= Exercise directions =
Would you retype exactly the lines from the one holding "St Patricks Day" through the last line of the listing, and only those, without pictures?

= Data supplied =
|---|
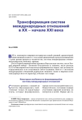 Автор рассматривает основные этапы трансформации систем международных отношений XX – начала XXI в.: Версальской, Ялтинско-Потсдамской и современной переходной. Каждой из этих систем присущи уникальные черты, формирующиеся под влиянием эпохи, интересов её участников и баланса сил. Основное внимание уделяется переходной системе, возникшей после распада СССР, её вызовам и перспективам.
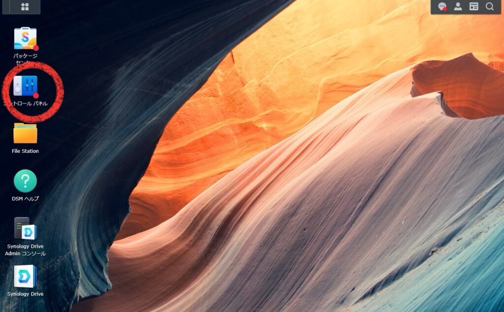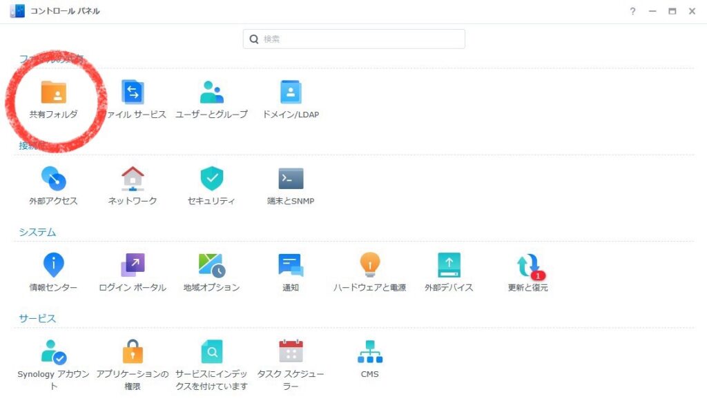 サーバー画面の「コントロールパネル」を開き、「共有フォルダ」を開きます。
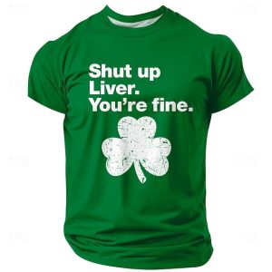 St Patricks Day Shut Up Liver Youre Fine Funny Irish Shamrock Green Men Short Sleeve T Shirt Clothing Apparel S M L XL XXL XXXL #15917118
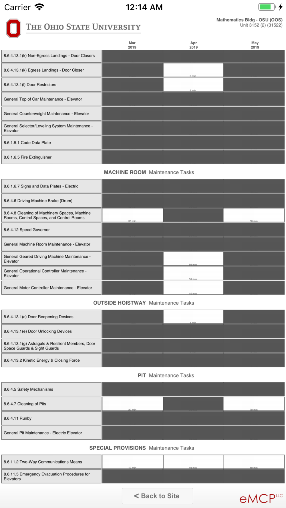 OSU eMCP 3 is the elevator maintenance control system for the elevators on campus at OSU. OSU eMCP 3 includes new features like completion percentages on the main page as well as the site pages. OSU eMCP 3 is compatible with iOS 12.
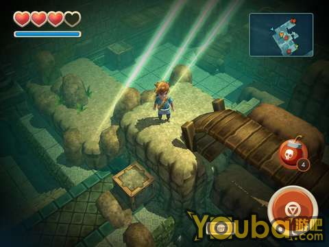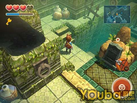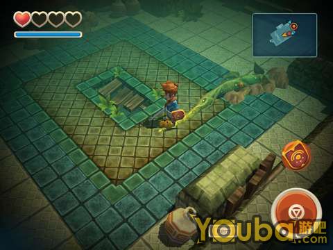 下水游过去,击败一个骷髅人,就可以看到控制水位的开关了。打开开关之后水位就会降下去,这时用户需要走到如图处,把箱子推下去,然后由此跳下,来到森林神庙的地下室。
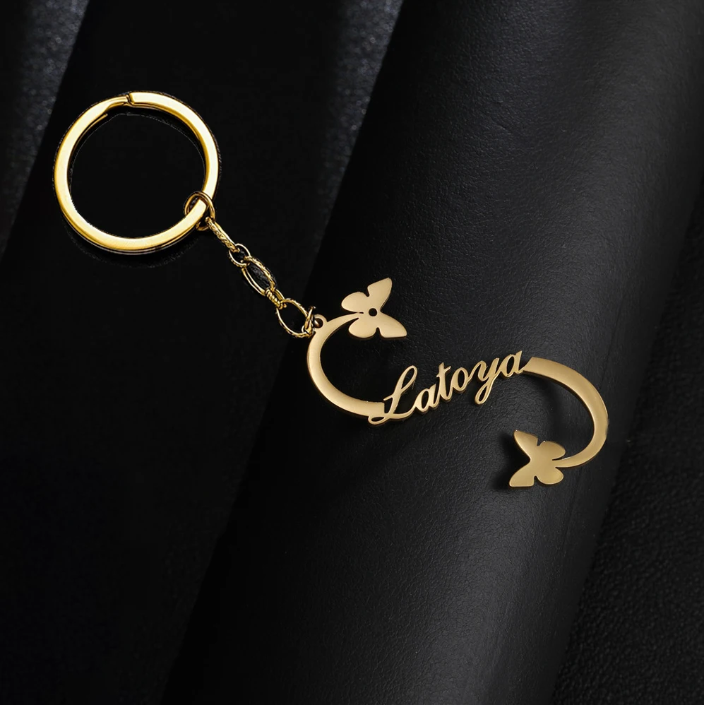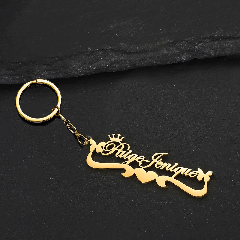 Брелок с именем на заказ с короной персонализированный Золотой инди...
|---|
= Task result =
 St Patricks Day Shut Up Liver Youre Fine Funny Irish Shamrock Green Men Short Sleeve T Shirt Clothing Apparel S M L XL XXL XXXL #15917118
 OSU eMCP 3 is the elevator maintenance control system for the elevators on campus at OSU. OSU eMCP 3 includes new features like completion percentages on the main page as well as the site pages. OSU eMCP 3 is compatible with iOS 12.
 下水游过去,击败一个骷髅人,就可以看到控制水位的开关了。打开开关之后水位就会降下去,这时用户需要走到如图处,把箱子推下去,然后由此跳下,来到森林神庙的地下室。
 Брелок с именем на заказ с короной персонализированный Золотой инди...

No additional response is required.